Academic Guidebook Chatbot: Performance Comparison of Fine-Tuned Mistral 7B and LlaMA-2 7B
Downloads
Background: Chatbot is recently ranked as the main technological solution due to the high demand for fast and efficient information retrieval. Therefore, this study was carried out to develop a local document-based chatbot that can answer questions related to the contents of PDF documents using open-source AI models such as Mistral 7B and LLaMA-2 7B. Although these models were effective at processing natural language, a major challenge was observed in the tendency to generate hallucinated answers, characterized by having inaccuracies and being out of context.
Objective: This study aims to reduce hallucinatory responses from chatbot models by making their responses more precise and accurate through fine-tuning.

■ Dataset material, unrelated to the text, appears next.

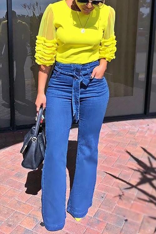 7. Dress it up with Heels: Transform your jeans into an evening-ready ensemble by adding a pair of heels. Whether it’s stilettos, block heels, or wedges, heels instantly elevate the look and add a touch of glamour. Pair your jeans with a stylish blouse or a sequined top for a night out or a special occasion.

The performance of fine-tuned models (Mistral 7B and LLaMA-2 7B) was also compared.
Methods: Fine-tuning of the two models was performed using domain-specific datasets taken from Academic Guidebook. This process was conducted to improve models ability to understand and answer questions relevant to Academic Guidebook context. Performance was evaluated using METEOR Score to measure literal agreement and BERTScore to assess meaning agreement. In addition, response time was measured to assess efficiency, while chatbot system was developed using Streamlit and LangChain for real-time interaction.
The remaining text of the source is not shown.